As if we haven't enough to do, the forlorn looking Scammell Mechanical Horse has prompted Mick and Bob Brown to make some progress with its restoration. It was originally restored way back in 1974 by Paul Fathers and Mick Yarker, the unit and trailer belonging to them at the time. (They subsequently donated the lorry to the Friends.)


Its considerable age, however, makes it worthy of care and attention and as it now has a dry home in the storage shed any work done now will last a considerable time. It is a sobering thought that the vehicle was less than thirty years old on arrival at the S.V.R but is now sixty three!


The first job was to remove the cab so that it could be rebuilt from scratch as it was too far gone for piecemeal repairs. The frame is from Ash and the floor from Iroko. The new timber is now on hand. The metal framework for the floor was rotten due to water ingress and has had new sections welded in. A bodge where a section of frame was once cut out to enable the engine to be removed was put right this time round. Paul and Mick had previously left it. The bonnet has holes rusted through which need new pieces welding in. This is an ideal job for Bob who has considerable experience welding metal into classic cars!


The windscreen frame is well past its best and presents a problem, but worse are the side windows which were lost in the disruption caused by the destruction of the Road Motors Building. They are very tricky to replicate as they have a complicated folded metal frame. It may unfortunately be necessary to make something that "looks similar".


Once back on the road this vehicle will compliment our G.W.R Thornycroft. The Scammell is very important in the evolution of today's articulated lorry, being its first successful forerunner, and was once very widely used by railway companies worldwide.


Mick Yarker.



Thornycroft Lorry


Reading back through my last report from May I am pleased to say that progress has been as good as I had hoped for. The troublesome front axle has now been replaced and all components machined and fitted allowing the whole front assembly to be put together. The relined brake components are fitted and all the front piping will be completed this month. Additionally all the handbrake components are fitted and complete with new rods and yokes. Once complete this will just leave the rear axle to have its brakes and rods finished, this is my next milestone.


The front nose woodwork is in the final throws of being completed. The softwood template has been completed, fitted adjusted and tweaked to ensure it was true and square. The final version has also been made out of the somewhat more expensive European Oak (£190 raw materials) and is soon to be fitted.


The front grille has become a stumbling block as the competitive quotes were being returned at around the £1300 mark. This is just not an option so we are going to remake the grille ourselves.
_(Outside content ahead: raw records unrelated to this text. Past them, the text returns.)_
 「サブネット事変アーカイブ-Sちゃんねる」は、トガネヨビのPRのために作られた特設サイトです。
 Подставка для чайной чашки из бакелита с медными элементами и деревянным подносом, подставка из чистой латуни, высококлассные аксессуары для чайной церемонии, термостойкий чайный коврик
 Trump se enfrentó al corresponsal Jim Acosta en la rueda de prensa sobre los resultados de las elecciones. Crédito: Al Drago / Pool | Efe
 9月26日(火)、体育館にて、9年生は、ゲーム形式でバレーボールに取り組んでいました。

It is possible but tricky and time consuming.


In the last couple of months we have made good progress, considering all the other projects that are being done too.


Steve Millington.



G.W.R Pul-syn-etic Drum Clock


Malcolm Broadhurst recently let us have an original G.W.R double sided drum clock from Wolverhampton.
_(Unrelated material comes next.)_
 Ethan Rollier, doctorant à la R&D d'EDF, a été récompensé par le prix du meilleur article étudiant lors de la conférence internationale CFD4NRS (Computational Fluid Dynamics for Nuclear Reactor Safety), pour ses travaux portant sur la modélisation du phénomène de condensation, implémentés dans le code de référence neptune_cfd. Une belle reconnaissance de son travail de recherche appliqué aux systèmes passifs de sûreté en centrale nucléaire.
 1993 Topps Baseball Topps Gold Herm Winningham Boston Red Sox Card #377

Steve has been masterminding the restoration of this clock for use under the concourse roof at Kidderminster. He has designed replacement illuminated dials to replace the modern 24 hour clock versions fitted sometime in the clock's more recent history. I re-glazed the bezels, while our resident clock restorer Mark Ryan has restored the movements which seem to have had no maintenance, ever. It appears that one side of the clock had been out of order for a considerable time.


The clock has now been suspended from the concourse roof by a bracket and four tubes, two of which will act as conduits for the power supply for the lamps inside, and for the electric pulse signal that drives the hands forward at half minute intervals. At the time of writing these supplies await installation so the clock has tape across the glass to show that it is not in use. It will certainly look good once it is running.


This clock will replace the oversize one mounted on the ticket office wall which is too big to be fitted at that height. However, it is intended to reunite the big clock with its fancy scrollwork brackets and mount it high on the outside of the concourse so that it can be clearly seen along the length of the platforms. This should look just right and allow staff and passengers to see "Railway Time" so that everyone knows when the train is due out!


Unfortunately the scrolls have been utilised to mount boards with "Platform 1" and "Platform 2" onto a lamp standard part way along the platforms. These will have to be replaced by an alternative arrangement first.


Mick Yarker.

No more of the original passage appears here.